TEnumAsByte<EVertexElementType> Type = VET_None;
// 顶点流标记.
EVertexStreamUsage VertexStreamUsage = EVertexStreamUsage::Default;
(......)
};
// 着色器使用的顶点工厂的参数绑定接口.
class FVertexFactoryShaderParameters
{
public:
// 绑定参数到ParameterMap. 具体逻辑由子类完成.
void Bind(const class FShaderParameterMap& ParameterMap) {}
// 获取顶点工厂的着色器绑定和顶点流. 具体逻辑由子类完成.
void GetElementShaderBindings(
const class FSceneInterface* Scene,
const class FSceneView* View,
const class FMeshMaterialShader* Shader,
const EVertexInputStreamType InputStreamType,
ERHIFeatureLevel::Type FeatureLevel,
const class FVertexFactory* VertexFactory,
const struct FMeshBatchElement& BatchElement,
class FMeshDrawSingleShaderBindings& ShaderBindings,
FVertexInputStreamArray& VertexStreams) const {}
(......)
};
// 用来表示顶点工厂类型的类.
class FVertexFactoryType
{
public:
// 类型定义
typedef FVertexFactoryShaderParameters* (*ConstructParametersType)(EShaderFrequency ShaderFrequency, const class FShaderParameterMap& ParameterMap);
typedef const FTypeLayoutDesc* (*GetParameterTypeLayoutType)(EShaderFrequency ShaderFrequency);
(......)
// 获取顶点工厂类型数量.
static int32 GetNumVertexFactoryTypes();
// 获取全局的着色器工厂列表.
static RENDERCORE_API TLinkedList<FVertexFactoryType*>*& GetTypeList();
// 获取已存的材质类型列表.
static RENDERCORE_API const TArray<FVertexFactoryType*>& GetSortedMaterialTypes();
// 通过名字查找FVertexFactoryType
static RENDERCORE_API FVertexFactoryType* GetVFByName(const FHashedName& VFName);
// 初始化FVertexFactoryType静态成员, 必须在VF类型创建之前调用.
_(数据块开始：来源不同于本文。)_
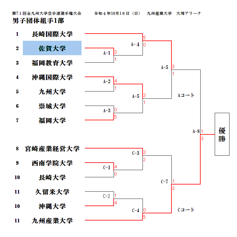 第71回全九州大学空手道選手権大会 [秋季団体戦] 令和4年10月16日(日) 九州産業大学 大楠アリーナ
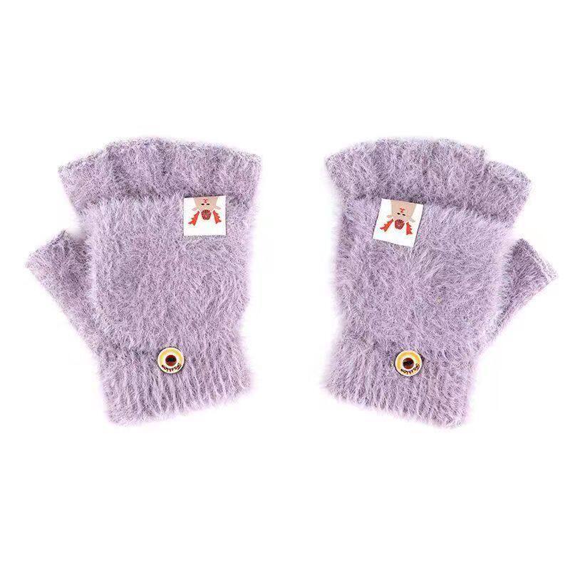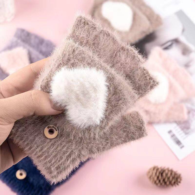 mikko联名可爱卡通猫咪毛绒手套女冬季翻盖半指触屏加厚骑行保暖
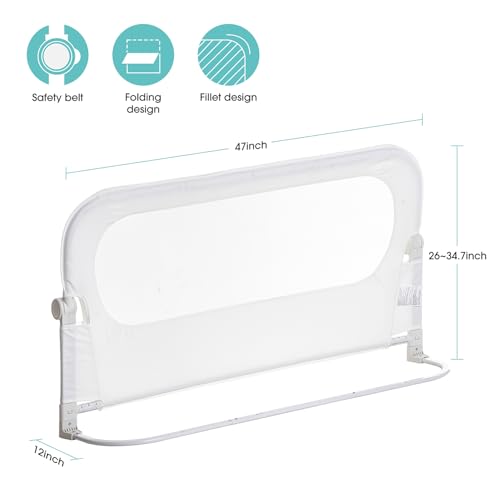 NUTIKAS Baby Bed Rail Guard for Toddlers -46" Toddler Bed Rails for Twin, Full, Queen, King Bunk Size Bed Swing Down Bedrail Extral Tall Child Safety Side Railing Guards for Kids, White, 47 Inch
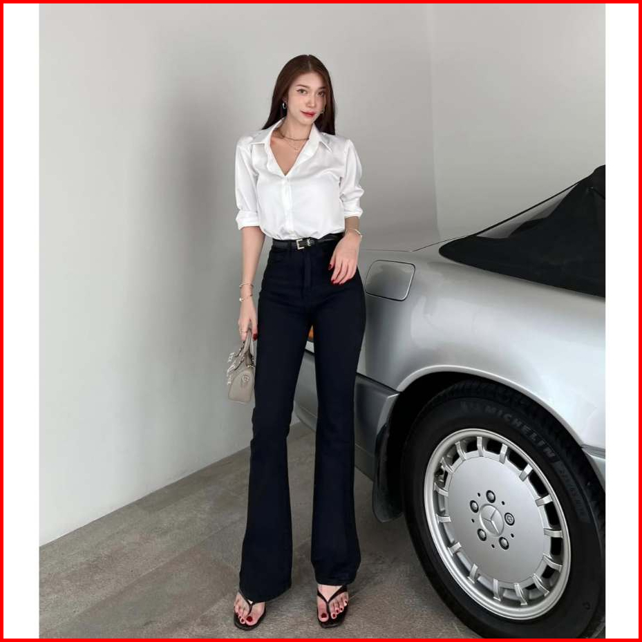 Luxystore - High Waist Cutbray Jeans Wanita Premium Stretch
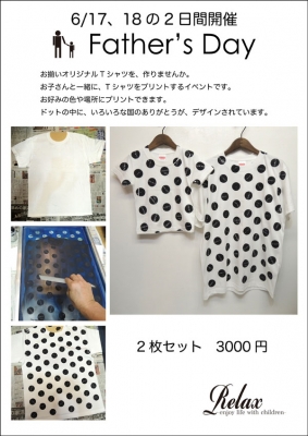 Tシャツをプリントするワークショップイベント 全面プリントできる版をしようして、 Tシャツをプリントしていただけます。 お子さんとお揃いのTシャツをプレゼント。 プリントカラーも、お選び頂けます。 予約を受け付けていますので、 ご希望のサイズなどありましたら、 RELAXまで JUGEMテーマ:父の日
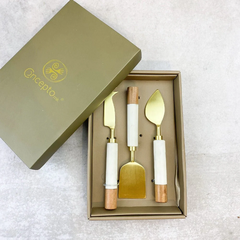 Lúcete con nuestro elegante set de 3 cuchillos para diferentes tipos de quesos, mango de mármol y madera acabado. Disfruta y comparte momentos especiales con la familia y amigos, o simplemente sorprende con el regalo perfecto. Presentados con cuidado en una linda caja de Concepto MK.
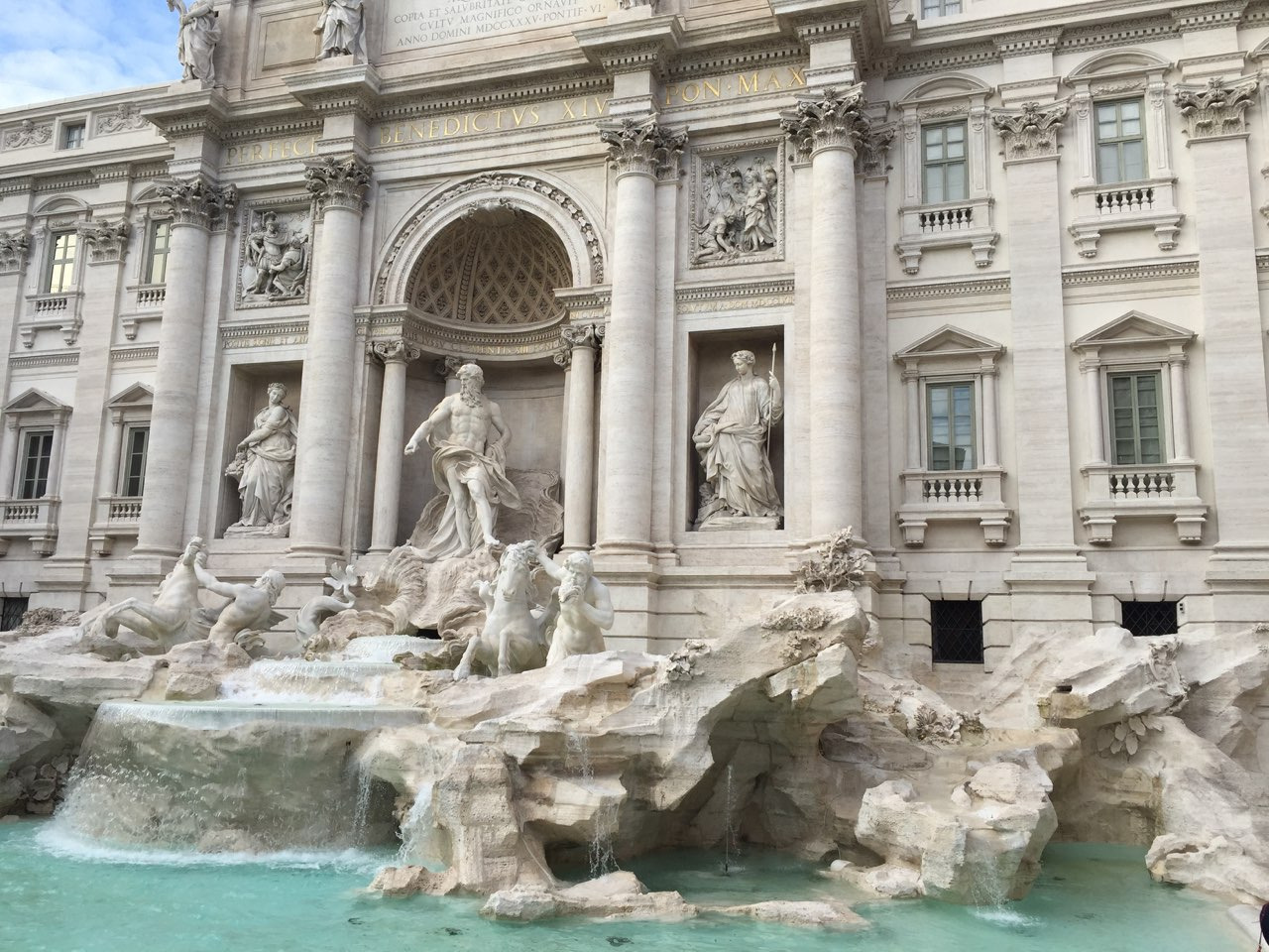 기원전 19년 아우구스투스 황제의 집정관인 아그리파가 수도인 아쿠아 비루지네(처녀의 셈)에 건설한 비르고 수로 위에 세워진 분수입니다. 그 무렵 로마에는 총 14개의 거대한 수로망이 있어 인구가 150만 명에 달했던 로마 전역에 물을 공급할 수 있었습니다. 하지만 5세기에 서로마 제국이 멸망하고 잇따른 이민족의 침략에 의해 비르고 수로를 비롯한 대부분이 파괴되었습니다. 이후 1453년 교황 니콜라우스 5세는 로마의 재정비와 물 부족을 해소하기 위해 도시에서 가장 오래된 비르고 수로 위에 분수를 만들어 이를 해결합니다. 1732년부터 1762년에는 교황 클레멘스 13세가 니콜라 살비(Nicola Salvi)에게 명해 평범했던 트레비 분수를 지금의 화려한 모습으로 완성하였습다. 아주많은 사람들이 분수를 즐기고 있었고 어깨너머로 동전을 던지고 있었습니다. 겨울이었지만 맑은 물이 끊임없이 흘러나오고 있었고 담긴 물색은 어떻게 저런 색이 나올 수 있을까 하는 생각까지 들었습니다.

static void Initialize(const TMap<FString, TArray<const TCHAR*> >& ShaderFileToUniformBufferVariables);
static void Uninitialize();
// 构造/析构函数.
RENDERCORE_API FVertexFactoryType(...);
virtual ~FVertexFactoryType();
// 数据获取接口.
const TCHAR* GetName() const;
FName GetFName() const;
const FHashedName& GetHashedName() const;
const TCHAR* GetShaderFilename() const;
// 着色器参数接口.
FVertexFactoryShaderParameters* CreateShaderParameters(...) const;
const FTypeLayoutDesc* GetShaderParameterLayout(...) const;
void GetShaderParameterElementShaderBindings(...) const;
// 标记访问.
bool IsUsedWithMaterials() const;
bool SupportsStaticLighting() const;
bool SupportsDynamicLighting() const;
bool SupportsPrecisePrevWorldPos() const;
bool SupportsPositionOnly() const;
bool SupportsCachingMeshDrawCommands() const;
bool SupportsPrimitiveIdStream() const;
// 获取哈希.
friend uint32 GetTypeHash(const FVertexFactoryType* Type);
// 基于顶点工厂类型的源码和包含计算出来的哈希.
const FSHAHash& GetSourceHash(EShaderPlatform ShaderPlatform) const;
// 是否需要缓存材质的着色器类型.
bool ShouldCache(const FVertexFactoryShaderPermutationParameters& Parameters) const;
void ModifyCompilationEnvironment(...);
void ValidateCompiledResult(EShaderPlatform Platform, ...);
bool SupportsTessellationShaders() const;
// 增加引用的Uniform Buffer包含.
void AddReferencedUniformBufferIncludes(...);
void FlushShaderFileCache(...);
const TMap<const TCHAR*, FCachedUniformBufferDeclaration>& GetReferencedUniformBufferStructsCache() const;
private:
static uint32 NumVertexFactories;
static bool bInitializedSerializationHistory;
// 顶点工厂类型的各类数据和标记.
const TCHAR* Name;
const TCHAR* ShaderFilename;
FName TypeName;
FHashedName HashedName;
uint32 bUsedWithMaterials : 1;
uint32 bSupportsStaticLighting : 1;
uint32 bSupportsDynamicLighting : 1;
uint32 bSupportsPrecisePrevWorldPos : 1;
uint32 bSupportsPositionOnly : 1;
uint32 bSupportsCachingMeshDrawCommands : 1;
uint32 bSupportsPrimitiveIdStream : 1;
ConstructParametersType ConstructParameters;
GetParameterTypeLayoutType GetParameterTypeLayout;
GetParameterTypeElementShaderBindingsType GetParameterTypeElementShaderBindings;
ShouldCacheType ShouldCacheRef;
ModifyCompilationEnvironmentType ModifyCompilationEnvironmentRef;
ValidateCompiledResultType ValidateCompiledResultRef;
SupportsTessellationShadersType SupportsTessellationShadersRef;
// 全局顶点工厂类型列表.
TLinkedList<FVertexFactoryType*> GlobalListLink;
// 缓存引用的Uniform Buffer的包含.
TMap<const TCHAR*, FCachedUniformBufferDeclaration> ReferencedUniformBufferStructsCache;
// 跟踪ReferencedUniformBufferStructsCache缓存了哪些平台的声明.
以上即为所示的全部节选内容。